● Action item
Please repeat only the lines below starting at the line that holds "Vogue starter kit" and ending at the line that holds "Conteúdo da Embalagem", exactly, with both of those lines included and every picture omitted.

------ Given records ------

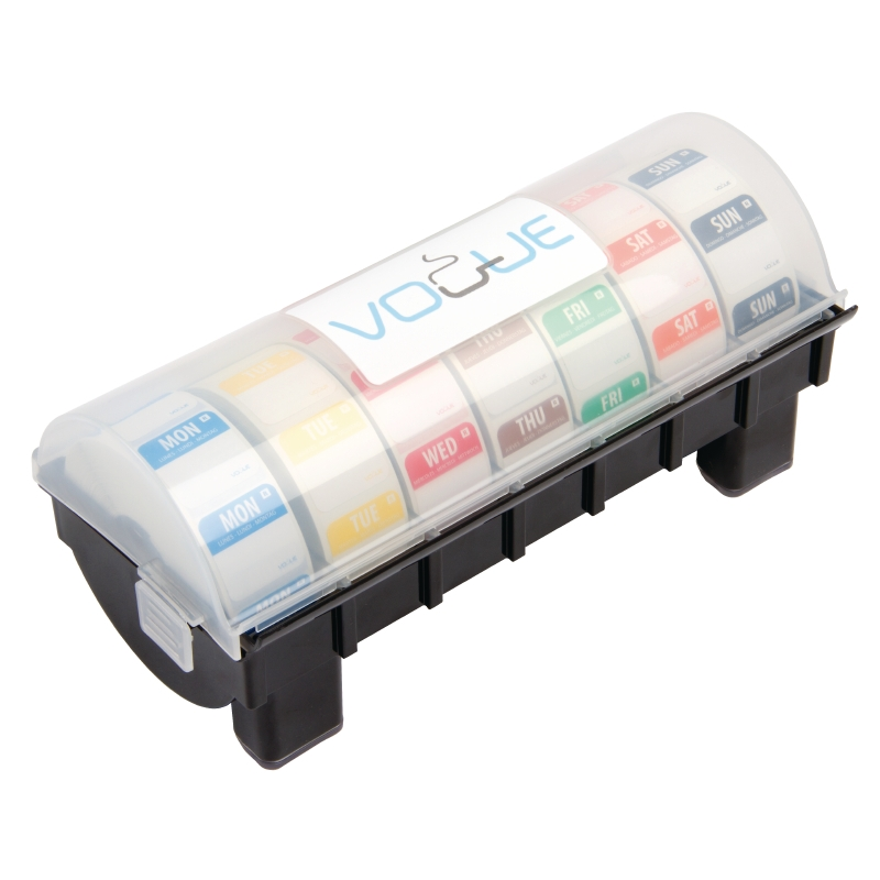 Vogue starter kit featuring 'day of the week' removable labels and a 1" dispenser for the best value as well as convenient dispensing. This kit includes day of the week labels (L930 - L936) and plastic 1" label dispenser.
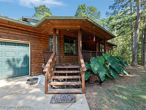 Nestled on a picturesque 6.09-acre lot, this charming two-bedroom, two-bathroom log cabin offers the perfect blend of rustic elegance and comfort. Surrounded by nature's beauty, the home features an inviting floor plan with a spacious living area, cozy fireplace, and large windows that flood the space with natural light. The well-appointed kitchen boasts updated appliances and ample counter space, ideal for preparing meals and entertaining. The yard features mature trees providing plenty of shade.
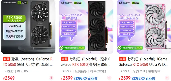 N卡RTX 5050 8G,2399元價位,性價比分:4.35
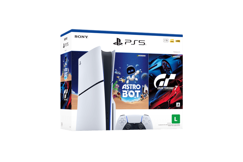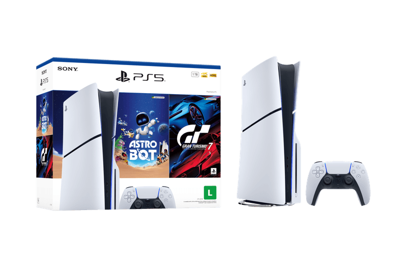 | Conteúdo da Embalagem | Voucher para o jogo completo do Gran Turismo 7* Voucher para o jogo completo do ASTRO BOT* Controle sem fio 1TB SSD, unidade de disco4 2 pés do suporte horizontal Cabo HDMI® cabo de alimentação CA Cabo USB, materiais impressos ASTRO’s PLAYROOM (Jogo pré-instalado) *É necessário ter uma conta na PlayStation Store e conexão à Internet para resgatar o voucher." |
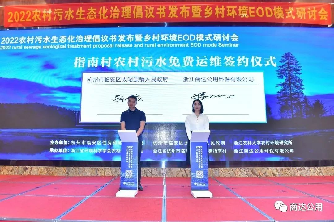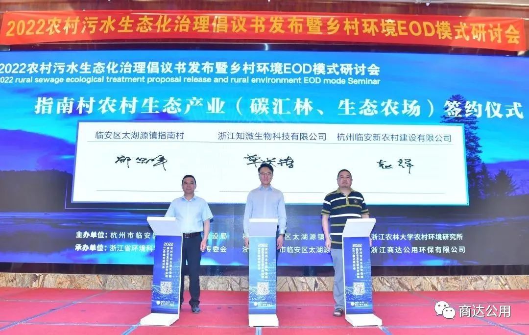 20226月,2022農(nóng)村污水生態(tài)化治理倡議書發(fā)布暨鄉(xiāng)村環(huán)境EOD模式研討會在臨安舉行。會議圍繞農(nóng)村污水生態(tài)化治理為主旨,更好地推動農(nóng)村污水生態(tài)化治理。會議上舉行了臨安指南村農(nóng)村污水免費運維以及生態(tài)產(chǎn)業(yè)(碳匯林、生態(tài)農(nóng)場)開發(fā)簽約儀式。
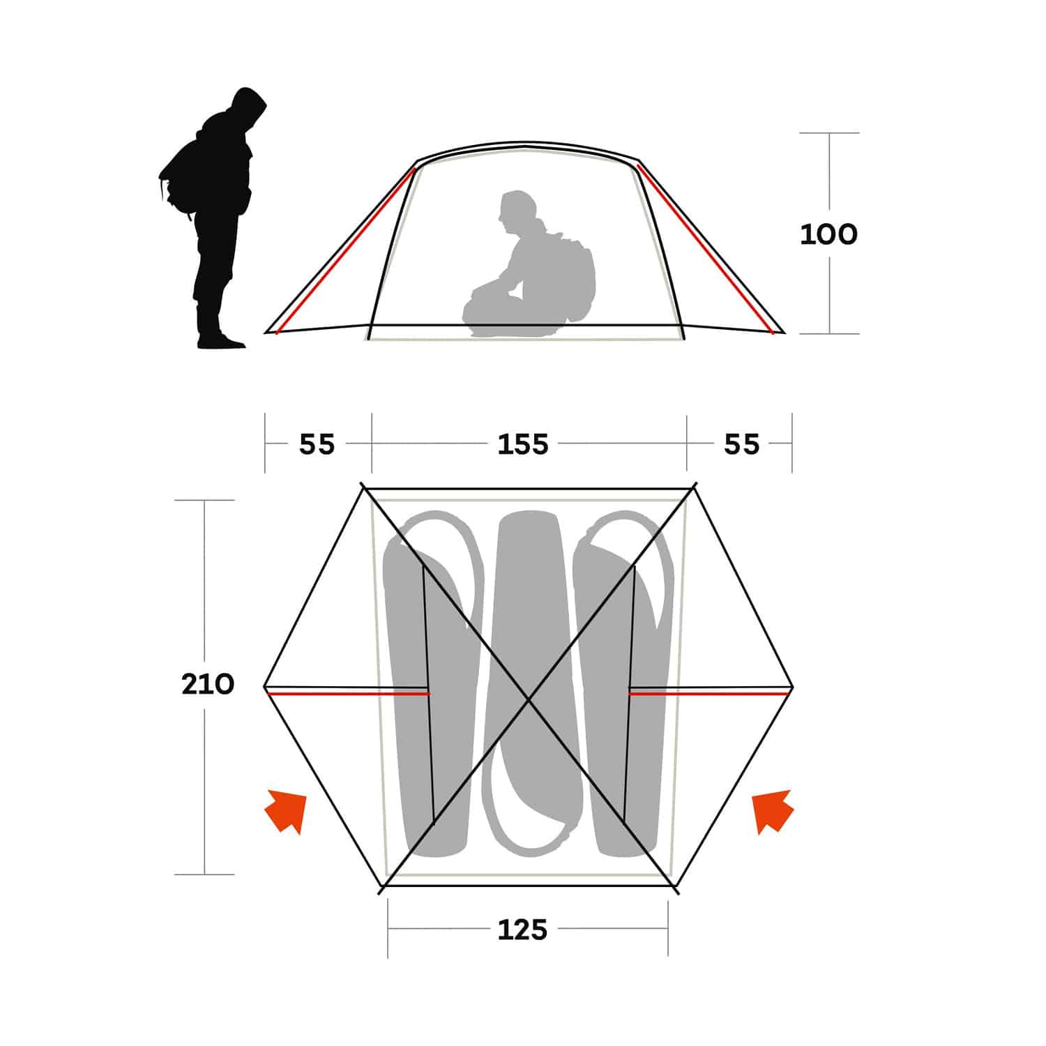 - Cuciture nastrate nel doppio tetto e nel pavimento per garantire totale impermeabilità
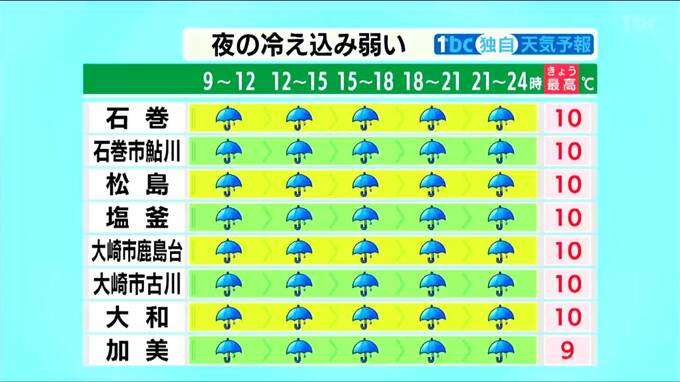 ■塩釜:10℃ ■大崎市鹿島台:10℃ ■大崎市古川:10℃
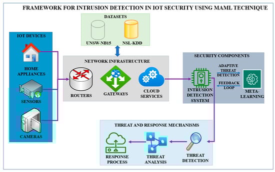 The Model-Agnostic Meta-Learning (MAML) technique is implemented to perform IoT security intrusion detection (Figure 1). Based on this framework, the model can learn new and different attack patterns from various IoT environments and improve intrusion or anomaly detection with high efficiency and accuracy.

------
------ Given records ------

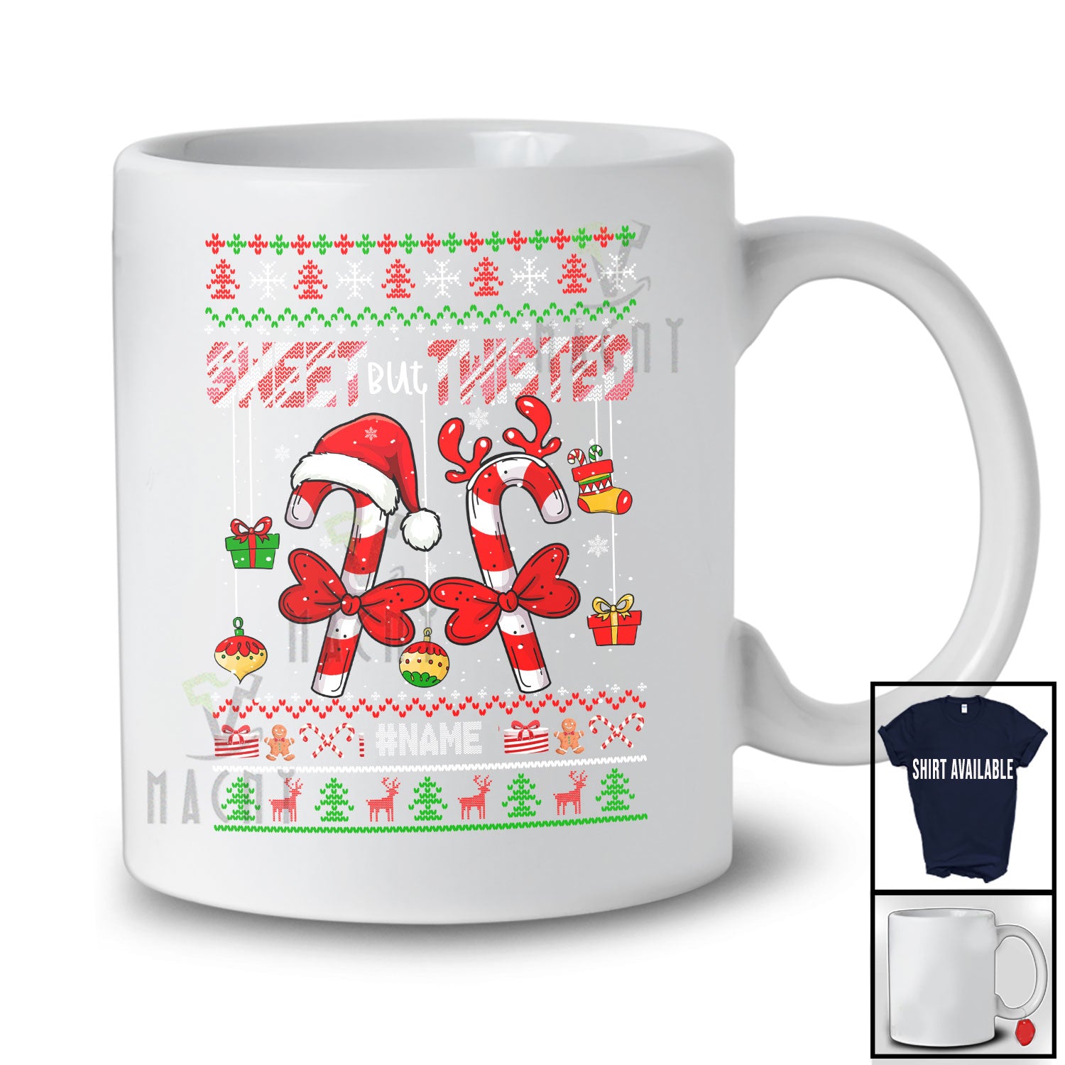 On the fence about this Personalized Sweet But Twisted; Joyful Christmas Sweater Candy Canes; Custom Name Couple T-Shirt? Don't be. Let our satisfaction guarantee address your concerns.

------

● Result for this exercise
 Vogue starter kit featuring 'day of the week' removable labels and a 1" dispenser for the best value as well as convenient dispensing. This kit includes day of the week labels (L930 - L936) and plastic 1" label dispenser.
 Nestled on a picturesque 6.09-acre lot, this charming two-bedroom, two-bathroom log cabin offers the perfect blend of rustic elegance and comfort. Surrounded by nature's beauty, the home features an inviting floor plan with a spacious living area, cozy fireplace, and large windows that flood the space with natural light. The well-appointed kitchen boasts updated appliances and ample counter space, ideal for preparing meals and entertaining. The yard features mature trees providing plenty of shade.
 N卡RTX 5050 8G,2399元價位,性價比分:4.35
 | Conteúdo da Embalagem | Voucher para o jogo completo do Gran Turismo 7* Voucher para o jogo completo do ASTRO BOT* Controle sem fio 1TB SSD, unidade de disco4 2 pés do suporte horizontal Cabo HDMI® cabo de alimentação CA Cabo USB, materiais impressos ASTRO’s PLAYROOM (Jogo pré-instalado) *É necessário ter uma conta na PlayStation Store e conexão à Internet para resgatar o voucher." |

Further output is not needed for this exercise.